§ The problem
Your answer must be only the lines below from the one containing "Transport de troupes" through the one containing "Șeful fermei nr.", copied exactly, with the pictures left out.

§ Task input
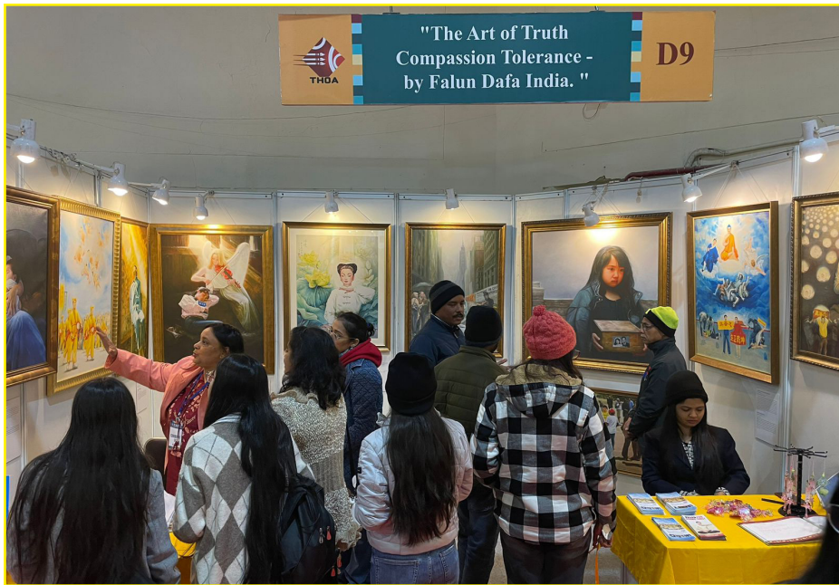
图：印度法轮大法学员一月十九日至一月二十一日参加在首都德里的普拉加蒂·迈丹 (Pragati Maidan) 会展中心举办的 HAAT 艺术展 (HAAT of ART)，展出了学员制作的真善忍美展的部份收藏作品。
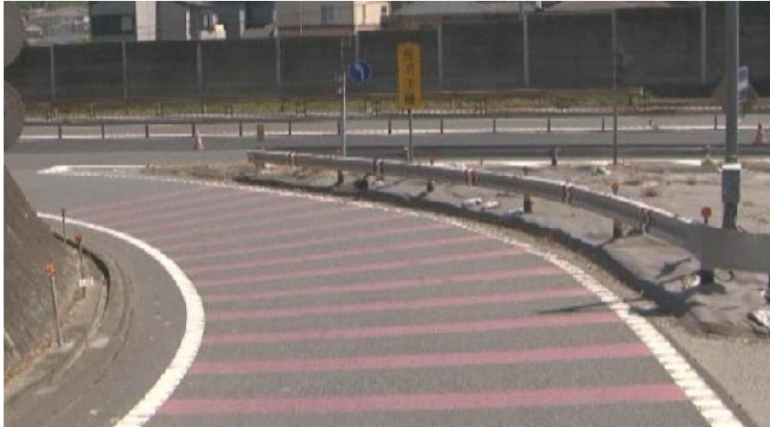
他現場での施工例（参考）

カラー舗装は、ドライバーの方への注意喚起を促すとともに、走行速度を抑える効果があり、事故軽減につながります。
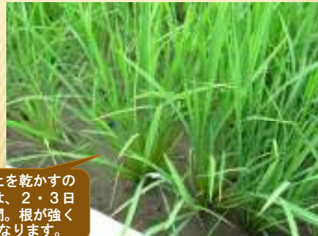
6月中旬 中抜きの様子
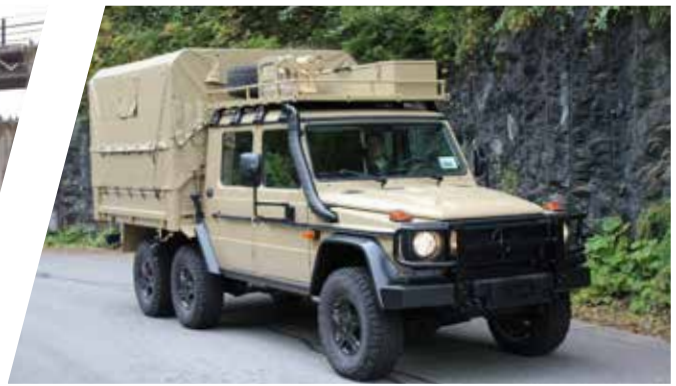
Transport de troupes avec coffre de toit Vehículo de transporte de tropas con cofre de techo
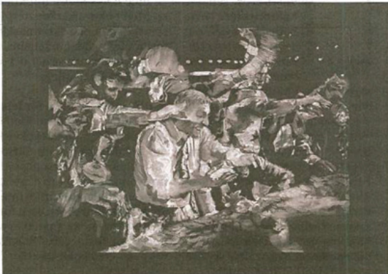
"Pitcher", kol på papper, 2016.
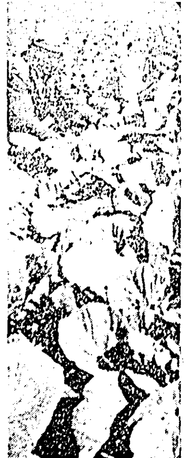
Șeful fermei nr. 11, Ionuț Schaler (în stînga imaginii) constată că varza se dezvoltă în bune condiții, plantele sînt sănătoase și vișuroase.
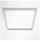
Recess frame for installation on plasterboard false ceiling. 625x625mm. M160602
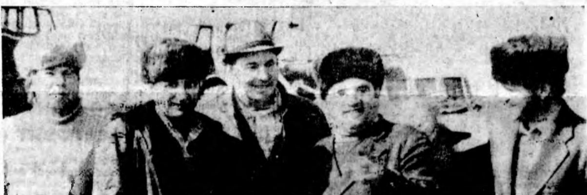
Успешно справляются со своими заданиями водители из УСМР СУМР-1, занятые на перевозке грунта и чернозема на Ростовской АЭС.
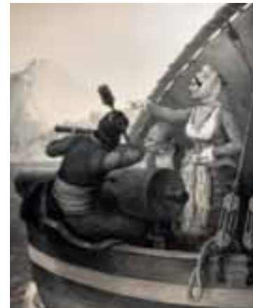
«Η Μπουμπουλίνα αποκλείει την Ναυπλία». Από το λεύκωμα «Πάνθεο Ηρώων του '21», με σχεδιαστή τον Peter Von Hess και χαράκτη τον H. Kohler.
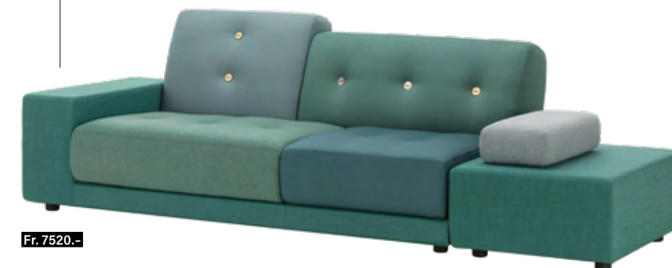
HINEINSINKEN Der asymmetrische Aufbau und seine liebevollen Details verleihen dem komfortablen Sofa «Polder» von Vitra, 2015 designt von Hella Jongerius, seine unverwechselbare Gestalt. intraform.ch

In der Kollektion «Veronica» von Edra sind die Modelle aus einem Polycarbonat in der klassischen grünen Farbe von Naturglas gefertigt und von Hand geformt. intraform.ch
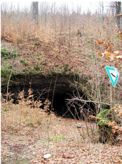
Karstkundlicher Wanderweg bei Laichingen

In der Geotouristischen Karte sind für das Gebiet der Schwäbischen Alb derzeit elf Lehrpfade zu geowissenschaftlichen Themen verzeichnet.
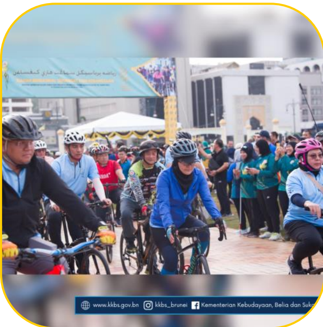
www.kkbs.gov.bn kkbs_brunei Kementerian Kebudayaan, Belia dan Sukan
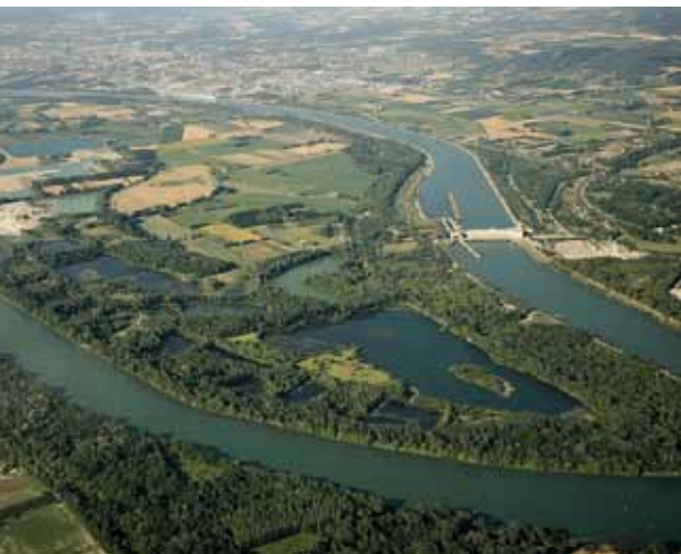
La carrière réaménagée vue dans son ensemble.

La poursuite de son activité économique dans la logique de concertation et de création de zones à vocation écologique permet à DAG de conforter son image au niveau local ainsi que celle du métier de carrier, ce qui est aujourd'hui indispensable pour accéder à des ressources minérales de plus en plus rares et protégées.
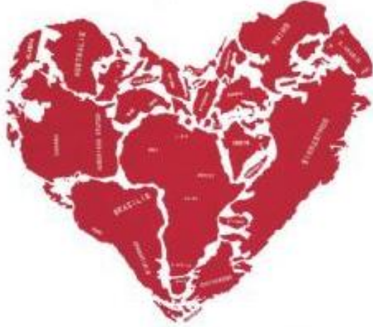
Beeld: Milja Praagman
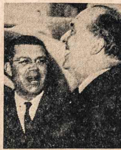
APSAUGOS MINISTERIAI: Thorneycroft ir McNamara.

Tokio sprendimo laukiama iš Macmillano pasikalbėjimo su Kennedy.
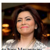
to baru Mayangsari an membuat Anda tawa terbahak-bahak
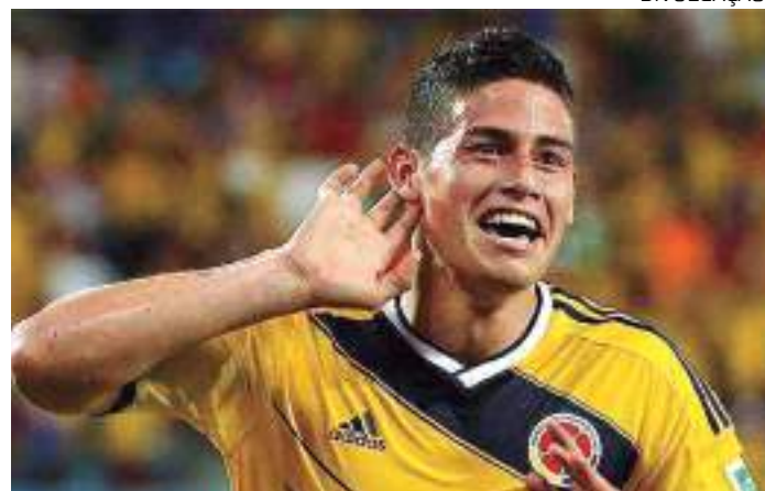
James Rodríguez deve ser anunciado pelo São Paulo nos próximos dias
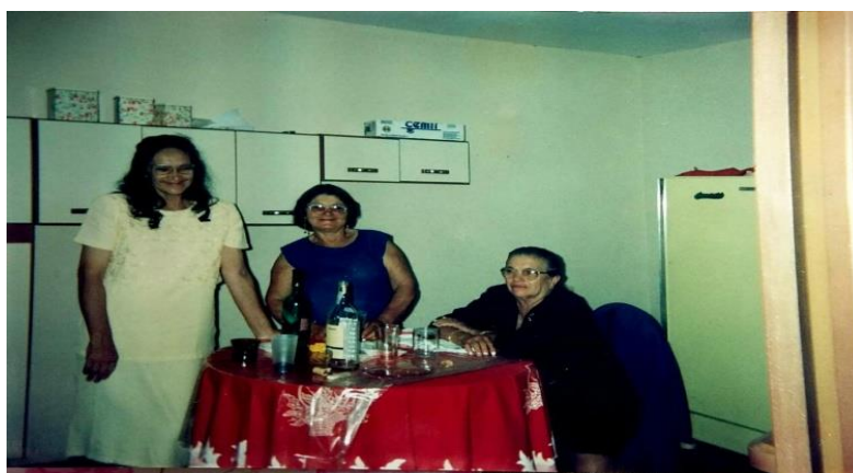
Imagem 6 – Encontro das amigas
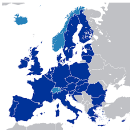
Unione europea (blu) e stati cooperanti (azzurro)

L'Unione Europea è un grande progetto incompiuto, lasciato a metà, in balia delle banche e con poca attenzione ai suoi cittadini. Se non ci credete, provate a cambiare paese. Nella mia discreta esperienza di traslochi internazionali, sono stato residente in quattro paesi europei differenti e ho vissuto ogni volta gli stessi problemi: cambiare la targa dell'automobile, cambiare la banca, il numero di telefono, l'assicurazione sanitaria e sparpagliare i miei anni di lavoro in sistemi pensionistici che spesso non si parlano tra loro. Tutto ciò comunque è nulla di fronte al cambio di lingua.
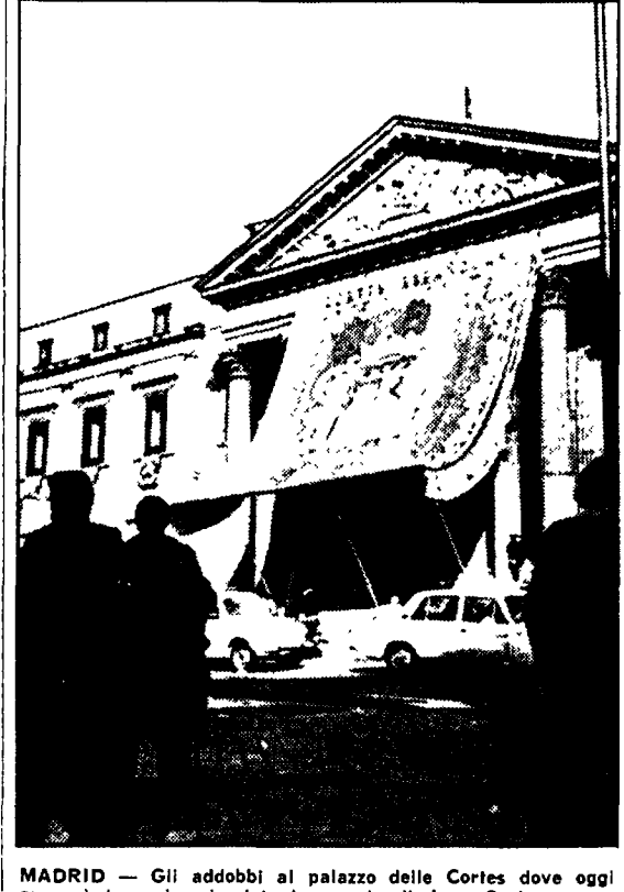
MADRID — Gli addobbi al palazzo delle Cortes dove oggi avverrà la cerimonia del giuramento di Juan Carlos.

§ Result below
Transport de troupes avec coffre de toit Vehículo de transporte de tropas con cofre de techo
"Pitcher", kol på papper, 2016.
Șeful fermei nr. 11, Ionuț Schaler (în stînga imaginii) constată că varza se dezvoltă în bune condiții, plantele sînt sănătoase și vișuroase.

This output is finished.